The HRW called on President Bashar Assad to stop indiscriminate attacks.
Government officials could not immediately be reached for comment. The military has repeatedly denied it is targeting civilians during the 2-year conflict, saying its troops are fighting "terrorists" hiding in civilian areas.
More than 100,000 people have been killed since the conflict started in March 2011 as largely peaceful protests against Assad's rule. It turned into an armed uprising after opposition supporters took up arms to fight a brutal government crackdown on dissent.
The Assad government claims it is not facing a popular revolt, but a conspiracy by Gulf Arab states and the West seeking to destroy Syria by supplying Islamic extremists with weapons and funds.

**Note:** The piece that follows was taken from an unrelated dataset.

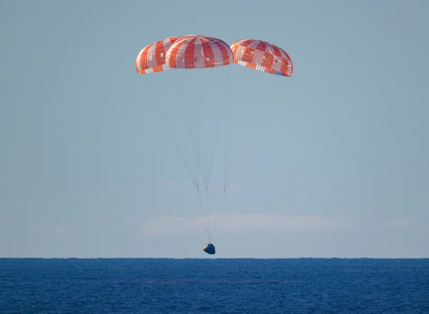 NASA’s gumdrop-shaped Orion capsule, dubbed Integrity, parachuted gently into calm seas off the Southern California coast shortly after 5:07 p.m. Pacific Time (0007 GMT on Saturday), concluding a mission that, four days earlier, took the astronauts 252,756 miles away from Earth, deeper into space than anyone had flown before.
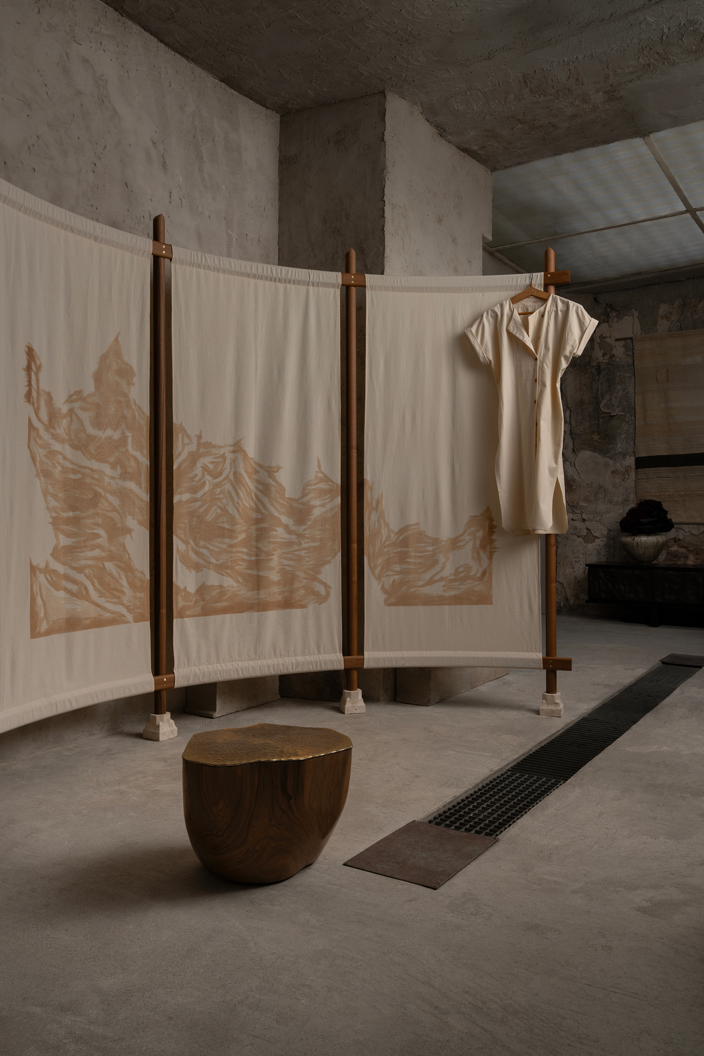 The materials used are traditional and created in the atelier; they are chosen for the richness of their inherent properties. The application of these ancient manual techniques immerses us in an appreciation of the craftsmanship itself, in the recognition of the imperfection necessary to evoke the sensory and the living.

In his last public appearance late Sunday, Assad called on the Syrians to unite behind the army's efforts to "defend their homeland."
"There is no solution with terrorism but to strike with an iron fist," Assad was quoted as saying by state news agency SANA. "With this kind of battles that aim at the destruction of the cultural identity and the Syrian national fabric, we either win together as Syrians or lose together."
Assad spoke while taking part in an iftar, the meal that breaks the dawn-to-dusk fast during the Muslim holy month of Ramadan.